1. **Explicit Communication:** You aren't forcing the Consumer to "guess" the date based on when it was triggered. The Producer tells it exactly: *"Hey, I just finished the file for 2025-01-01."*
2. **No Logic Leakage:** The Consumer doesn't need to know the name of the Producer DAG or how it's structured.
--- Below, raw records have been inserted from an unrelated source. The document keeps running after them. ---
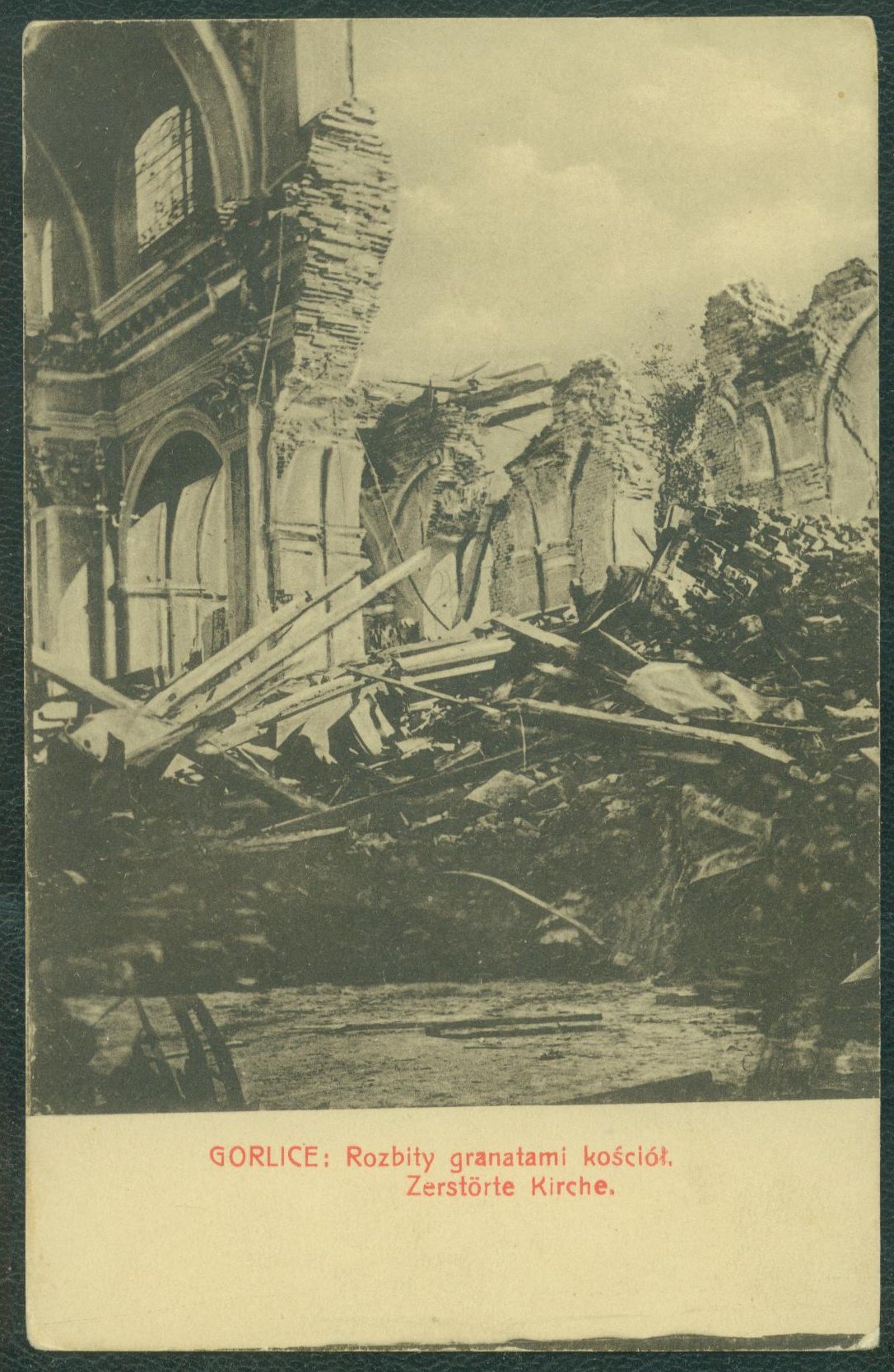 GORLICE – Rozbity granatami kościół, Wyd. art. poczt. Polonia, Jarosław 1916, św. sepia,
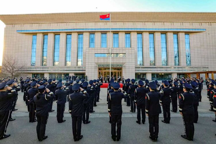 图为省公安厅机关隆重举行升警旗仪式。徐超摄
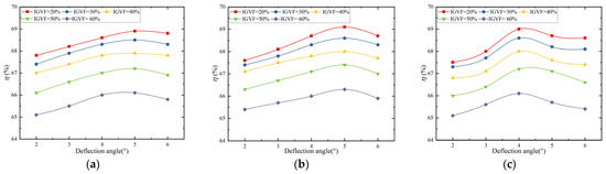 Efficiency curves of different flap lengths: (a) 0.20 l; (b) 0.25 l; (c) 0.30 l.

It only needs to know that the Asset it listens to provides a `date` field in the `extra` metadata.
3. **The "Yield" Pattern:** In Airflow 3, using `yield Metadata` is the preferred way to signal that a task has finished and created a specific version of a dataset.

#### How to verify it in your Environment

Once you run these DAGs in your Docker setup:

1. **Trigger the Producer.**
2. After it finishes, go to the **Consumer DAG** in the Airflow UI.
3. Click on the **"Rendered Template"** tab for the `calculate_stats` task.
4. You will see that the `input_path` has been transformed from the complex Jinja string into a clean path like `/data/events_02/2026-02-05.json`.

***

#### A Final Tip on the "Contract"

If you ever need to add more info, you can just expand the dictionary: `extra={"date": run_date, "batch_id": 42, "env": "prod"}`

Downstream, the Consumer can pick and choose which of those "sticky notes" it wants to read.

***

### Example 3: Consuming multiple assets

When you consume multiple assets, you are essentially creating a **Logical Gate** in your data pipeline. By default, Airflow 3 uses "AND" logic for multiple assets in a list, meaning the DAG will only trigger once **every** asset in the list has been updated at least once since the last time the consumer ran.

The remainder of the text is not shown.